Liz Gorinsky is a publisher and editor of speculative fiction, founder and former publisher of Erewhon Books, a former editor for Tor Books, multiple Hugo Award nominee, and 2017 Hugo Award winner in the category of Best Editor (Long Form).

==Biography==

Gorinsky is a native of Manhattan. She studied English, psychology and computer science at Columbia College, serving three years as president of the Columbia University Science Fiction Society.
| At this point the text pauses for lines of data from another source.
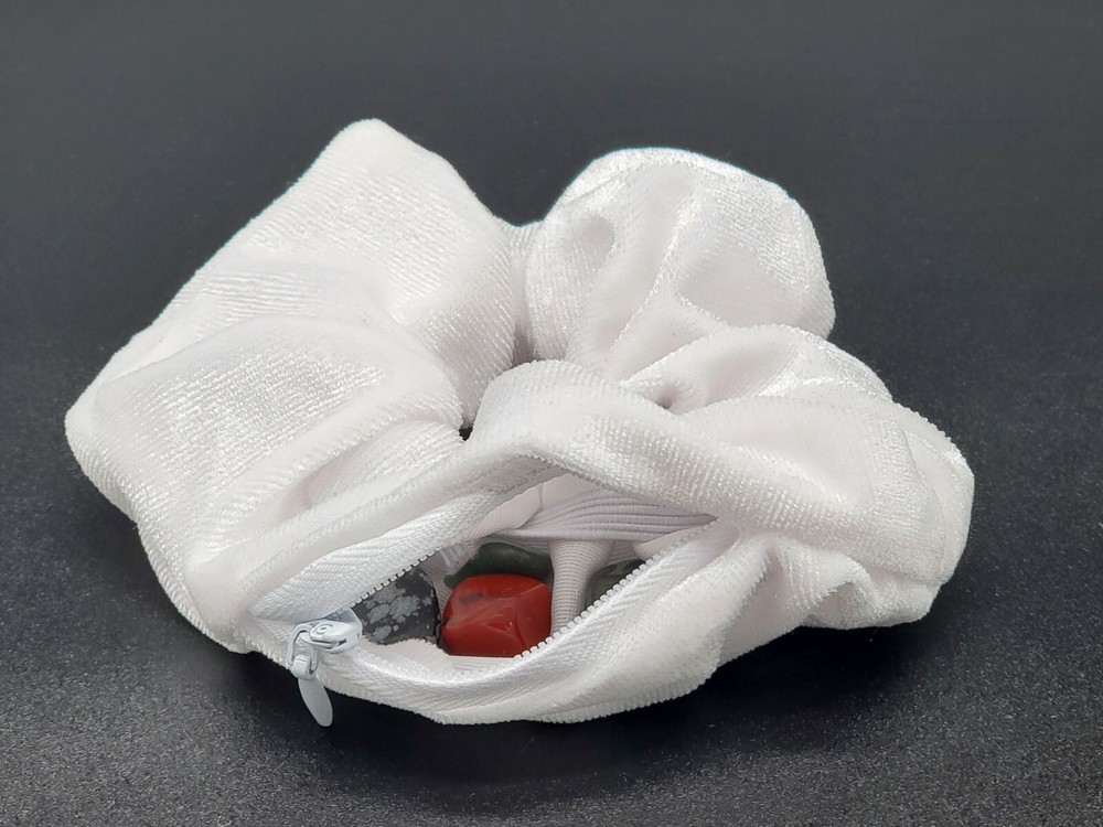 Crystal Chakra Scrunchie Hair White Velour Zipper Pocket with 7 Chakra Stones. 3-4 grams of each Chakra Stones. Crown Chakra - Clear Quartz - Healing 3rd Eye Chakra - Iolite - Meditation Throat Chakra - Blue Tiger Eye - Inner Strength Heart Chakra - Aventurine - Optimism, luck Solar Plexus Chakra - Tiger Eye - Wisdom, Protection, Prosperity Sacral Chakra - Red Jasper - Clears Negative Energy Root Chakra - Snowflake Obsidian - Promotes Self-esteem and Willpower I will intuitively choose one or two of each of the stones pictured . Please reach out to me with any questions, or if you would like more pictures. We feel our crystals & mineral specimens are the best available, and we go that extra mile to personally select each and every one of our crystals for their Premium quality, great energy, ultimate color variations & much more. All of our crystals & stones are natural unless otherwise noted. The ones that are natural, may have inclusions, natural lines, colors or indentations. This is a normal and part of the natural material. **Please understand the above description is not a promise to cure ailments. Points of the description have been taken from my favorite crystal books and online resources.**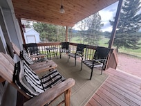 Enjoy a quiet location close to town and on paved road. This property sits directly in between the towns of Hill City and Keystone! Have a cup of coffee on the front porch and watch the famous 1880's train roll past you a on its way to Keystone. Come evening have a seat and enjoy the wildlife in the meadow directly below you. Easily run into Hill City or Keystone for dinner or groceries or stay home and grill. A short car ride gets you to all of the major attractions including Mt Rushmore (20 minutes) & Crazy Horse (16 minutes) or go the other direction to Deerfield Lake for fishing and boating. The driveway is a little steep and I have had a few guests have concerns about riding motorcycles up and down. Once up the hill there is ample room to turn around a vehicle but I would recommend not taking your trailer to the top. If you do you will most likely be backing it down. There is however a nice flat spot at the bottom of the hill to park a trailer off the road in a safe location.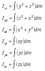 結果顯示在物質特性對話方塊中,主軸和質量中心以圖形顯示在模型中。是在同意下列定義的情況下計算慣性矩及慣性積: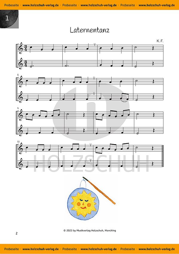 Für die ersten Jahre auf der Querflöte Laternenlicht und Weihnachtszauber ist die ideale Ergänzung für den Querflötenunterricht in den ersten Jahren. Das farbig illustrierte Heft gliedert sich in die beiden Themenbereiche Laternen- und Sankt Martinslieder sowie Weihnachts- und Winterlieder und kann mit insgesamt fast 100 Stücken über einen langen Zeitraum im Jahr verwendet werden. Die Lieder in beiden Kapiteln sind in sich nach Schwierigkeit sortiert und an den Lernfortschritt der Bände 1 bis 3 des Schulprogramms Unterwegs mit der Querflöte von Katharina Flaig angeglichen. Natürlich lässt sich das Heft auch unabhängig davon verwenden. Wie im Schulprogramm sind auch für Laternenlicht und Weihnachtszauber umfangreiche Zusatzmaterialien wie weitere Stücke und Klavierbegleitungen kostenlos online verfügbar unter: www.holzschuh-verlag.de/ unterweg pdf pdf pdf pdf pdf A, a, a, der Winter, der ist da A, B, C, die Katze lief im Schnee Abends, wenn es dunkel wird Ach bittrer Winter Adeste, fideles Alle fangt an Alle Jahre wieder Am Weihnachtsbaum die Lichter brennen Andachtsjodler Away In A Manger Coventry Carol Deck The Halls Der Christbaum ist der schönste Baum Der Heiland ist geboren Der Schneemann Der Weihnachtstraum Die drei Könige Durch die Straßen auf und nieder Ein armer Mann Ein Bettler saß im kalten Schnee Es ist ein Ros entsprungen Es sungen drei Engel Es wird scho glei dumpa Fröhliche Weihnacht überall Gatatumba Ghost Of John Glockenjodler Gloria in Excelsis Deo God Rest You Merry, Gentlemen Go, Tell It On The Mountains Guten Abend, schön Abend Guter König Wenzeslaus Hier wohnt ein reicher Mann Holt die Lichter aus dem Haus Ich geh mit meiner Laterne Ich hab eine feine Laterne Ich steh an deiner Krippen hier Ihr Kinderlein, kommet Il est né, le divin enfant In der Weihnachtsbäckerei In dulci jubilo In meiner Latern Jetzt ist der raue Winter da Jetzt kommt die heilige Weihnachtszeit Jetzt los, liaber Nachbar, mit Fleiß Jingle Bells Jolly Old Saint Nicholas Joy To The World Kleines Fräulein, kleiner Mann Kling, Glöckchen, klingelingeling Kommet, ihr Hirten La marche des Rois Langenwanger Jodler Lasst uns froh und munter sein Laterne, Laterne Laternenlied Laternentanz Leise rieselt der Schnee Lieber, guter Nikolaus Macht hoch die Tür Maoz Tzur Maria durch ein Dornwald ging Martin war ein frommer Mann Melchior et Balthazar Morgen, Kinder, wirds was geben Morgen kommt der Weihnachtsmann O du fröhliche O laufet, ihr Hirten O Little Town Of Bethlehem O Tannenbaum O wachet, nicht schlafet Pat-a-Pan Quem pastores laudavere Sankt Martin Sankt Martin kommt all Jahr zurück Sankt Martin lasst uns loben Schneeflöckchen, tanze Schneeflöckchen, Weißröckchen Schöner als der Mond Seht unsere Laterne Slyeli jsme v Betlém Stern über Bethlehem Stille Nacht, heilige Nacht Stille, stille, kein Geräusch gemacht Still, still, still, weils Kindlein schlafen will Süßer die Glocken nie klingen The First Noel Tochter Zion Tragt in die Welt nun ein Licht Vom Himmel hoch, da komm ich her Was soll das bedeuten We Three Kings Of Orient Are We Wish You A Merry Christmas Wir sagen euch an den lieben Advent

She interned at DC Comics and Tor Books before joining the editorial staff of the latter, assisting editors including Ellen Datlow, Jim Frenkel and Patrick Nielsen Hayden. In addition to print novels, while working at Tor she acquired and edited short fiction for Tor Books's online short fiction market, Tor.com.

In 2018, Gorinsky left Tor to found an independent speculative fiction publishing company, Erewhon Books.

In 2022, Gorinsky left Erewhon to "pursue other projects."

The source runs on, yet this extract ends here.